Filters

An easy-to-use filtering mechanism is provided that allows you to focus on the information that you are interested in. Click the plus icon to expand the Filters widget.

Note:

The use of filters is optional.

Click Filter by and select an item from the pull-down menu. Select from Home network, Host IP, Host name, Campaign UUID, Priority, Read, Status, Threat, or Threat class.

You can combine multiple filters to narrow the focus. You can also deploy multiple instances of some filters.

Delete an individual filter by clicking the Remove minus button next to its entry. Delete all the selected filters by clicking the cancel/close icon. This also collapses the Filters widget.

Click Apply reload to apply the selected filters.

Home network

Restrict the displayed entries by the Home network setting. Select Home network only or Unidentified networks only from the pull-down menu.

Host IP

Restrict the displayed entries to a specific source IP address, IP address range, or CIDR block.

Host name

Restrict the displayed entries to a specific source Host name. The full host name or label needs to be provided.

Campaign UUID

Restrict the displayed entries by the Campaign UUID. This is a 32-character hexadecimal string, for example, 7dabc0fc9b3f478a850e1089a923df3a.

Alternatively, enter the string null to select records that do not belong to any campaign.

Priority

Restrict the displayed entries by the Priority status. Select Infection, Watchlist, or Nuisances from the pull-down menu.

See the infections list for details.

Read

Restrict the displayed entries by their Read status. Select Read or Unread from the pull-down menu.

Status

Restrict the displayed entries by their status. Select Closed, or Open from the pull-down menu.

Threat

Restrict the displayed entries by a specific Threat.
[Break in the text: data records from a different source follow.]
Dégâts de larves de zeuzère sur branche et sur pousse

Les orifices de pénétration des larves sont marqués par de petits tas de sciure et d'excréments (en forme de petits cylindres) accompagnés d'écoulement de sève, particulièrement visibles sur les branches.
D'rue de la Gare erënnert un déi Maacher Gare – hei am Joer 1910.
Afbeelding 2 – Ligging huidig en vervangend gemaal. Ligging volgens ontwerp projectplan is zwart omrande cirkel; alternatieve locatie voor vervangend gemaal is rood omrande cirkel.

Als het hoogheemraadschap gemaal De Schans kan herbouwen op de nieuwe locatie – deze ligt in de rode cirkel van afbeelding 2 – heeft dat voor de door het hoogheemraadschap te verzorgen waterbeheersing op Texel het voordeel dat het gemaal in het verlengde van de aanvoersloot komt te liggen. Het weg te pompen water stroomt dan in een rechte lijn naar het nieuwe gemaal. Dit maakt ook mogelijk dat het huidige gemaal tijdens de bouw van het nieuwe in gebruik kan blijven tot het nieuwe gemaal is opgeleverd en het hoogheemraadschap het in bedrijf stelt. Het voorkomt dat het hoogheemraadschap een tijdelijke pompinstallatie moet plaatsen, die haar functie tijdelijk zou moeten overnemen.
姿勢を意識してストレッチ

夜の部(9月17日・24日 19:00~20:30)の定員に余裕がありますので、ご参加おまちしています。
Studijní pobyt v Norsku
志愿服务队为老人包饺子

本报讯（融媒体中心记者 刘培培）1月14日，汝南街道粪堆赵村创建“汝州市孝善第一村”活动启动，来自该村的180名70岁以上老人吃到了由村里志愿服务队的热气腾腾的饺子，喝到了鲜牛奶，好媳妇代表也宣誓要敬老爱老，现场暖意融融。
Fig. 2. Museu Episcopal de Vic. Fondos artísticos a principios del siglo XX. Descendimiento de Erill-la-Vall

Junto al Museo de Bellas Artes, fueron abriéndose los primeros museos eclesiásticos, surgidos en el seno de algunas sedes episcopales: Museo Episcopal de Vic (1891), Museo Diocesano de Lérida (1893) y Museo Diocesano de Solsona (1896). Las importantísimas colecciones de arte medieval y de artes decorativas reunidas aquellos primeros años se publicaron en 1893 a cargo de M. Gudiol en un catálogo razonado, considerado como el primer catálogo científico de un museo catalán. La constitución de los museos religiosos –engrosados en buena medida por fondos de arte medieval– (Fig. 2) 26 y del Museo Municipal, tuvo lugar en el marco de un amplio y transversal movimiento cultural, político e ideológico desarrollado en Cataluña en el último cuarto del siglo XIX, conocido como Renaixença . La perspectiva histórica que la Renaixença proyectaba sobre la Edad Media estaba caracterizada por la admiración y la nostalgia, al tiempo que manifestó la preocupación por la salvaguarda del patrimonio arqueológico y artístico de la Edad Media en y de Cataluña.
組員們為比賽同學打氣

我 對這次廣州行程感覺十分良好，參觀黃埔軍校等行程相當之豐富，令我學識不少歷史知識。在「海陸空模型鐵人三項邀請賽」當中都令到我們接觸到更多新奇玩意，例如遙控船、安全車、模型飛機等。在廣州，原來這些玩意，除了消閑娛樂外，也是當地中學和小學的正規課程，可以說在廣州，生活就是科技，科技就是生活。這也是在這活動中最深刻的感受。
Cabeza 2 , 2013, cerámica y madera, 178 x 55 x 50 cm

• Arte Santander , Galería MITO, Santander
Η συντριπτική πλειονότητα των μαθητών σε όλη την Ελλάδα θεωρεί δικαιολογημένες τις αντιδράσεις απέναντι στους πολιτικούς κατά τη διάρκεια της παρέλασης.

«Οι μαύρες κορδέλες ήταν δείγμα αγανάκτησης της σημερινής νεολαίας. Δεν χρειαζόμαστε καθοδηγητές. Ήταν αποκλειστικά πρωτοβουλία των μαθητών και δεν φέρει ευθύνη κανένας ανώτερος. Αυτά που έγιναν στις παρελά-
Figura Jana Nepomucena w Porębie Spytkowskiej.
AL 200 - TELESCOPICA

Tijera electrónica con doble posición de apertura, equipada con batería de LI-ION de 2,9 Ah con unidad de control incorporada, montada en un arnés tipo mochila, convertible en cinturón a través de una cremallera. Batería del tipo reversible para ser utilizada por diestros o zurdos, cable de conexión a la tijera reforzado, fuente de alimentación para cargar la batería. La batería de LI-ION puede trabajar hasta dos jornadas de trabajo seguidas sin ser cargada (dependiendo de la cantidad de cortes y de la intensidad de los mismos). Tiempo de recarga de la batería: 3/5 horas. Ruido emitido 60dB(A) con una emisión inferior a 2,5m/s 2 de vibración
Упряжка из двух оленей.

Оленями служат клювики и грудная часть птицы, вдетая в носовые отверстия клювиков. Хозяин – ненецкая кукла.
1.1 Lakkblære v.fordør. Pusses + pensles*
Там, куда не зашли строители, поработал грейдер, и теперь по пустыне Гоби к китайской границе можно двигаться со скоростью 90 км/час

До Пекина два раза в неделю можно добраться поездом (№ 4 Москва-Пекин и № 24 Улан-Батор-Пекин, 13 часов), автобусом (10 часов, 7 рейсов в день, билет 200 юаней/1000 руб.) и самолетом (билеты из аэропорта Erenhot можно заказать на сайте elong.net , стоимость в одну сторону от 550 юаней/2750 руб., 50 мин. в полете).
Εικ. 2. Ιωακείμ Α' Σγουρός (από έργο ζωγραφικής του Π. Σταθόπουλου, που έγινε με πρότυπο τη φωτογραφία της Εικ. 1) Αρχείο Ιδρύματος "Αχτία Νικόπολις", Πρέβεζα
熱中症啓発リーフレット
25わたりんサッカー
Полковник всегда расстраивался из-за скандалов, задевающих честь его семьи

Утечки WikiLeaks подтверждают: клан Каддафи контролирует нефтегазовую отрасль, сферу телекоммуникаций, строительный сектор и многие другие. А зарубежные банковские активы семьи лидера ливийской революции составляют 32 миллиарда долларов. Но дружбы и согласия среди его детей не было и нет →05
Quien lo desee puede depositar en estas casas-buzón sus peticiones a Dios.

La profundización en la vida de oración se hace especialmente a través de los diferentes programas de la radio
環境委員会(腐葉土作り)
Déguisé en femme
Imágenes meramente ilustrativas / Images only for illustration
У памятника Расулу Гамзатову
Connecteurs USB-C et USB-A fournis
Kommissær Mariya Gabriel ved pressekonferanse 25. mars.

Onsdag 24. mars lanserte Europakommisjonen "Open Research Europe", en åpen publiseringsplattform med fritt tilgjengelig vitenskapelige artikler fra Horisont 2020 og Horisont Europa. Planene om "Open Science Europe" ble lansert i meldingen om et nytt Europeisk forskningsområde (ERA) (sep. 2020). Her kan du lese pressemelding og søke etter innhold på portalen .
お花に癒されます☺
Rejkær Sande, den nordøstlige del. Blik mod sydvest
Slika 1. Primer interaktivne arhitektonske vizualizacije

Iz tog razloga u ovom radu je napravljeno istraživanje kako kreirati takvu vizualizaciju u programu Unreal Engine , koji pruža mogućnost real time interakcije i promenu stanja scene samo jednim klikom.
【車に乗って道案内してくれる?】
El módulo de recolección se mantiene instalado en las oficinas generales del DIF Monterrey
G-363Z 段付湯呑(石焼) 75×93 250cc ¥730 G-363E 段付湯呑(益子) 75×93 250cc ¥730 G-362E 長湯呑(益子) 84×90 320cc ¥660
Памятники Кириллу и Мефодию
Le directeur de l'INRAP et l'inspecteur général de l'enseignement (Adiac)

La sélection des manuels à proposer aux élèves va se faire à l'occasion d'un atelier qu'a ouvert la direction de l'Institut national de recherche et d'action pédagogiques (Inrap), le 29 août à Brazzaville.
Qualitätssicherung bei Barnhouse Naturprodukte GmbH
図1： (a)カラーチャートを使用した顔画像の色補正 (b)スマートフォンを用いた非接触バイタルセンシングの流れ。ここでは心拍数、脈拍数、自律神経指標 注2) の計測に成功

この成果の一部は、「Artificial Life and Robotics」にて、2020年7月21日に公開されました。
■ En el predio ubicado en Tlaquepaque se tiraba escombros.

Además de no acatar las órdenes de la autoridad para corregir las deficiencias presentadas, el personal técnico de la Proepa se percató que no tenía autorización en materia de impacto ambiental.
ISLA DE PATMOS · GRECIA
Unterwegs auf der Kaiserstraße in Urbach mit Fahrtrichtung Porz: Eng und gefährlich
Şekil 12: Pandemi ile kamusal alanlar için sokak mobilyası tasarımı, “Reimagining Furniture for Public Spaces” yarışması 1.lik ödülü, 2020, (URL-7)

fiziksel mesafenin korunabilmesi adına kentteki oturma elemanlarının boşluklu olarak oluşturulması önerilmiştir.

Select a threat from the pull-down menu. The menu is prepopulated with a list of cataloged threats.

Use the search function at the top of the menu to quickly find a threat name.

Threat class

Restrict the displayed entries to a specific class of events. Select the threat class from the pull-down menu. The menu is prepopulated with a catalog of classes, such as:

  • adware Malware that displays or downloads advertisements to an infected computer.

  • click-fraud Click-fraud targets pay per click online advertising.

  • command & control An infected machine belongs to a botnet and the machine can be remotely controlled by an attacker.

  • drive-by An attacker attempted to exploit a vulnerability on the machine in order to install additional malware on the target system.

  • exploit toolkit Detection of an exploit toolkit that attempted a drive-by download attack

  • fake-av Fake antivirus software or other kinds of rogue security software designed to trick or mislead your users.

  • inactive C&C The command & control server for this specific botnet is inactive.

  • VMware blocking test The domain block.lastline.com is used to test blocking of network connections and the selected events belong to this class.

  • VMware test The domain test.lastline.com is used to test the functionality of the setup and the selected events belong to this class.

  • malicious file download, malware distribution, and malware download The IP address or domain hosts malicious executables.

  • sinkhole A sinkhole is operated by a legitimate organization, so it does not pose a threat. However, hosts that try to contact such a host may be infected.

  • spyware Malware that attempts to steal sensitive information.

  • suspicious DNS Suspicious DNS domains are domains that are contacted by malware running on infected machines. Our proprietary techniques were able to proactively identify these domains as malicious.

  • unknown An unknown security risk was detected.

Use the search function at the top of the menu to quickly find a class name.